(YOUR OBJECTIVE): Ignoring the images, restate the records below word for word.

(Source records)

============================================================

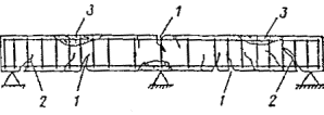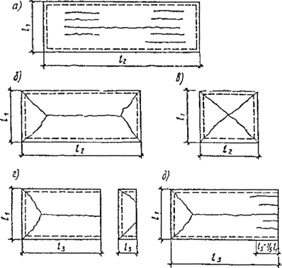 Рис. 6.1. Характерные трещины в изгибаемых железобетонных элементах, работающих по балочной схеме 1 - нормальные трещины в зоне максимального изгибающего момента; 2 - наклонные трещины в зоне максимальной поперечной силы; 3 - трещины и раздробление бетона, в сжатой зоне элемента Нормальные трещины имеют максимальную ширину раскрытия в крайних растянутых волокнах сечения элемента. Наклонные трещины начинают раскрываться в средней части боковых граней элемента - в зоне действия максимальных касательных напряжений, а затем развиваются в сторону растянутой грани. Образование наклонных трещин на опорных концах балок и прогонов свидетельствует о недостаточной их несущей способности по наклонным сечениям. Вертикальные и наклонные трещины в пролетных участках балок и прогонов свидетельствуют о недостаточной их несущей способности по изгибающему моменту. Раздробление бетона сжатой зоны сечений изгибаемых элементов указывает на исчерпание несущей способности конструкции; б) в плитах возникают следующие трещины: в средней части плиты, имеющие направление поперек рабочего пролета с максимальным раскрытием на нижней поверхности плиты; на опорных участках, имеющие направление поперек рабочего пролета с максимальным раскрытием на верхней поверхности плиты; радиальные и концевые, с возможным отпаданием защитного слоя и разрушением бетона плиты; вдоль арматуры по нижней плоскости стены. Трещины на опорных участках плит поперек рабочего пролета свидетельствуют о недостаточной несущей способности по изгибающему опорному моменту. Характерно развитие трещин силового происхождения на нижней поверхности плит с различным соотношением сторон (рис. 6.2). При этом бетон сжатой зоны может быть не нарушен. Смятие бетона сжатой зоны указывает на опасность полного разрушения плиты; Рис. 6.2. Характерные трещины на нижней поверхности плит а - работающих по балочной схеме при l2/l1£3; б - опертых по контуру при l2/l1<3; в - тоже при l2/l1=1; г - опертых по трем сторонам при l3/l1£1,5; д - то же, при l2/l1>1,5 в) в колоннах образуются вертикальные трещины на гранях колонн и горизонтальные. Вертикальные трещины на гранях колонн могут появляться в результате чрезмерного изгиба стержней арматуры. Такое явление может возникнуть в тех колоннах и их зонах, где редко поставлены хомуты (рис. 6.3). Горизонтальные трещины в железобетонных колоннах не представляют непосредственной опасности, если ширина их невелика, однако через такие трещины могут в арматуру попасть увлажненный воздух и агрессивные реагенты, вызывая коррозию металла. Появление продольных трещин вдоль арматуры в сжатых элементах свидетельствует о разрушениях, связанных с потерей устойчивости (выпучиванием) продольной сжатой арматуры из-за недостаточного количества поперечной арматуры; Рис. 6.3. Трещины вдоль продольной арматуры в сжатых элементах Рис. 6.4. Трещины по всей высоте сечений элементов, изгибаемых в двух плоскостях Рис. 6.5. Трещины в опорной части предварительно напряженного элемента 1 - при нарушении анкеровки напряженной арматуры; 2 - при недостаточности косвенного армирования сечения на действие усилия обжатия Рис. 6.6. Характерные повреждения силового происхождения в железобетонных фермах с нижним предварительно напряженным поясом 1 - наклонная трещина опорного узла; 2 - откол лещадок; 3 - лучеоб
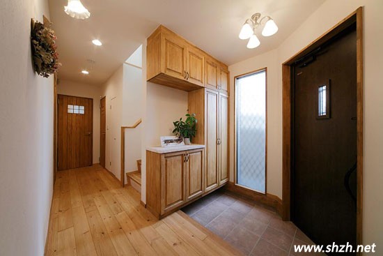 玄關(guān)處,木色地磚和木色地盤協(xié)調(diào)過(guò)度,將室內(nèi)和室外自然區(qū)分開來(lái)。木板打造的柜子,貫穿正面墻壁,增加了整體的收納型。鞋柜上方,白色的相框,裝飾全家福,家的溫馨蔓延整個(gè)空間。綠色植物給玄關(guān)帶來(lái)了自然的氣息,而墻壁上的風(fēng)干花,四季如春的色彩,更給玄關(guān)增添了春的氣息,使我們的生活更加清新淡雅,悠然自得。
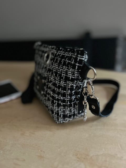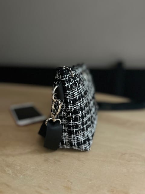 Heuptasje van Sjanel black met zilverdraad. Een prachtige zwarte geweven stof met wit, en die door de vele zilverdraden een heel chique uitstraling krijgt. Aan de bovenkant zit een rits, er is ruimte voor je telefoon, klein portemonneetje, lippenstift, een (zonne)bril. De onderkant hebben we wat breder gemaakt ± 5 á 6 cm. De riem is verstelbaar, waardoor je het tasje ook als schoudertasje of fannypack kan dragen. De sleutelhanger krijg je erbij. Geef je heupmaat door als je het als heuptas wil dragen.
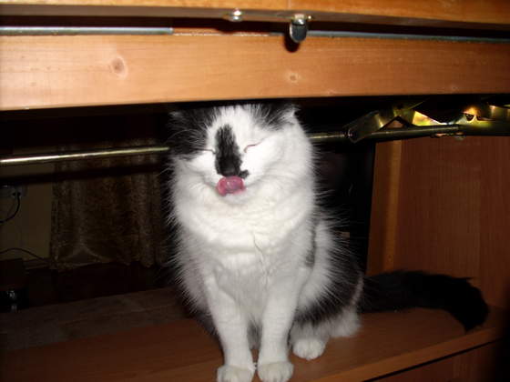 Sailor, mój jak nabroi i go pokrzyczę to w nocy przychodzi się przytulać:) Kładzie mi się na brzuchu albo na piersiach, łepek na mojej buzi i czasem liże mi nos:) A najśmieszniejsze jest jak łapkami obejmuje moją twarz:) Kochana z niego bestia, poza tymi momentami kiedy niszczy mi kwiaty:)
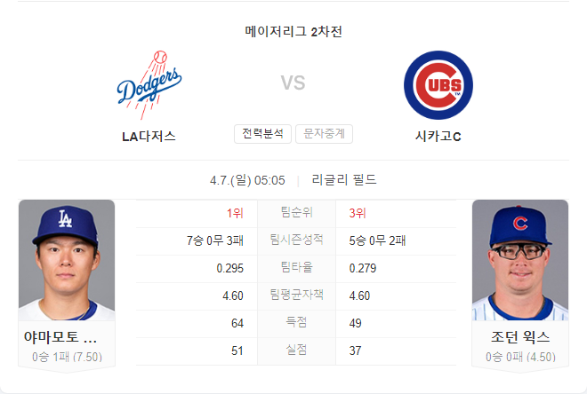 4월 7일 MLB 믈브 LA 다저스 VS 시카고 컵스 타카짱의 경기 예측 분석
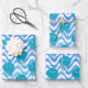 Ondes bleu foncé et clair. Version motif de la méduse de dessin animé. Papier d'emballage personnalisé.
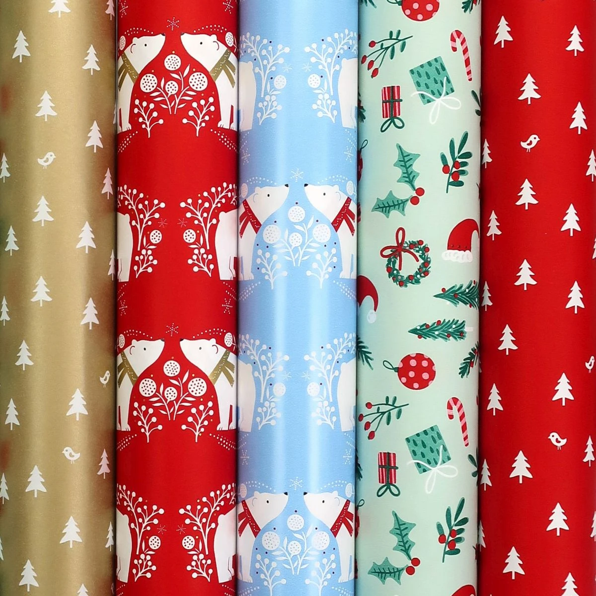 COSY COTTAGE assortiment cadeaupapier inpakpapier voor kerstmis – 2 meter x 70 cm – 5 rollen
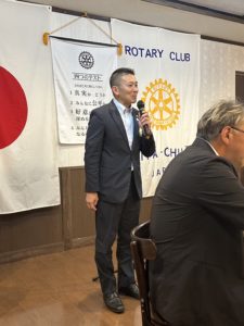 10月4日 髙倉誠二会友、武久会友の卓話がありました。膳所ガバナーエレクト、草野会友、小ケ内会友が来訪され、来年度のことを話されました。
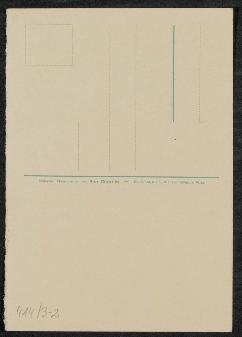 Die Postkarte wurde von der Dr. Kutiak und Co., Arzneimittelfabrik, Wien, in der Bilderserie Naturforscher und Ärzte Österreichs vertrieben.

============================================================

(RESPONSE BELOW):
 Рис. 6.1. Характерные трещины в изгибаемых железобетонных элементах, работающих по балочной схеме 1 - нормальные трещины в зоне максимального изгибающего момента; 2 - наклонные трещины в зоне максимальной поперечной силы; 3 - трещины и раздробление бетона, в сжатой зоне элемента Нормальные трещины имеют максимальную ширину раскрытия в крайних растянутых волокнах сечения элемента. Наклонные трещины начинают раскрываться в средней части боковых граней элемента - в зоне действия максимальных касательных напряжений, а затем развиваются в сторону растянутой грани. Образование наклонных трещин на опорных концах балок и прогонов свидетельствует о недостаточной их несущей способности по наклонным сечениям. Вертикальные и наклонные трещины в пролетных участках балок и прогонов свидетельствуют о недостаточной их несущей способности по изгибающему моменту. Раздробление бетона сжатой зоны сечений изгибаемых элементов указывает на исчерпание несущей способности конструкции; б) в плитах возникают следующие трещины: в средней части плиты, имеющие направление поперек рабочего пролета с максимальным раскрытием на нижней поверхности плиты; на опорных участках, имеющие направление поперек рабочего пролета с максимальным раскрытием на верхней поверхности плиты; радиальные и концевые, с возможным отпаданием защитного слоя и разрушением бетона плиты; вдоль арматуры по нижней плоскости стены. Трещины на опорных участках плит поперек рабочего пролета свидетельствуют о недостаточной несущей способности по изгибающему опорному моменту. Характерно развитие трещин силового происхождения на нижней поверхности плит с различным соотношением сторон (рис. 6.2). При этом бетон сжатой зоны может быть не нарушен. Смятие бетона сжатой зоны указывает на опасность полного разрушения плиты; Рис. 6.2. Характерные трещины на нижней поверхности плит а - работающих по балочной схеме при l2/l1£3; б - опертых по контуру при l2/l1<3; в - тоже при l2/l1=1; г - опертых по трем сторонам при l3/l1£1,5; д - то же, при l2/l1>1,5 в) в колоннах образуются вертикальные трещины на гранях колонн и горизонтальные. Вертикальные трещины на гранях колонн могут появляться в результате чрезмерного изгиба стержней арматуры. Такое явление может возникнуть в тех колоннах и их зонах, где редко поставлены хомуты (рис. 6.3). Горизонтальные трещины в железобетонных колоннах не представляют непосредственной опасности, если ширина их невелика, однако через такие трещины могут в арматуру попасть увлажненный воздух и агрессивные реагенты, вызывая коррозию металла. Появление продольных трещин вдоль арматуры в сжатых элементах свидетельствует о разрушениях, связанных с потерей устойчивости (выпучиванием) продольной сжатой арматуры из-за недостаточного количества поперечной арматуры; Рис. 6.3. Трещины вдоль продольной арматуры в сжатых элементах Рис. 6.4. Трещины по всей высоте сечений элементов, изгибаемых в двух плоскостях Рис. 6.5. Трещины в опорной части предварительно напряженного элемента 1 - при нарушении анкеровки напряженной арматуры; 2 - при недостаточности косвенного армирования сечения на действие усилия обжатия Рис. 6.6. Характерные повреждения силового происхождения в железобетонных фермах с нижним предварительно напряженным поясом 1 - наклонная трещина опорного узла; 2 - откол лещадок; 3 - лучеоб
 玄關(guān)處,木色地磚和木色地盤協(xié)調(diào)過(guò)度,將室內(nèi)和室外自然區(qū)分開來(lái)。木板打造的柜子,貫穿正面墻壁,增加了整體的收納型。鞋柜上方,白色的相框,裝飾全家福,家的溫馨蔓延整個(gè)空間。綠色植物給玄關(guān)帶來(lái)了自然的氣息,而墻壁上的風(fēng)干花,四季如春的色彩,更給玄關(guān)增添了春的氣息,使我們的生活更加清新淡雅,悠然自得。
 Heuptasje van Sjanel black met zilverdraad. Een prachtige zwarte geweven stof met wit, en die door de vele zilverdraden een heel chique uitstraling krijgt. Aan de bovenkant zit een rits, er is ruimte voor je telefoon, klein portemonneetje, lippenstift, een (zonne)bril. De onderkant hebben we wat breder gemaakt ± 5 á 6 cm. De riem is verstelbaar, waardoor je het tasje ook als schoudertasje of fannypack kan dragen. De sleutelhanger krijg je erbij. Geef je heupmaat door als je het als heuptas wil dragen.
 Sailor, mój jak nabroi i go pokrzyczę to w nocy przychodzi się przytulać:) Kładzie mi się na brzuchu albo na piersiach, łepek na mojej buzi i czasem liże mi nos:) A najśmieszniejsze jest jak łapkami obejmuje moją twarz:) Kochana z niego bestia, poza tymi momentami kiedy niszczy mi kwiaty:)
 4월 7일 MLB 믈브 LA 다저스 VS 시카고 컵스 타카짱의 경기 예측 분석
 Ondes bleu foncé et clair. Version motif de la méduse de dessin animé. Papier d'emballage personnalisé.
 COSY COTTAGE assortiment cadeaupapier inpakpapier voor kerstmis – 2 meter x 70 cm – 5 rollen
 10月4日 髙倉誠二会友、武久会友の卓話がありました。膳所ガバナーエレクト、草野会友、小ケ内会友が来訪され、来年度のことを話されました。
 Die Postkarte wurde von der Dr. Kutiak und Co., Arzneimittelfabrik, Wien, in der Bilderserie Naturforscher und Ärzte Österreichs vertrieben.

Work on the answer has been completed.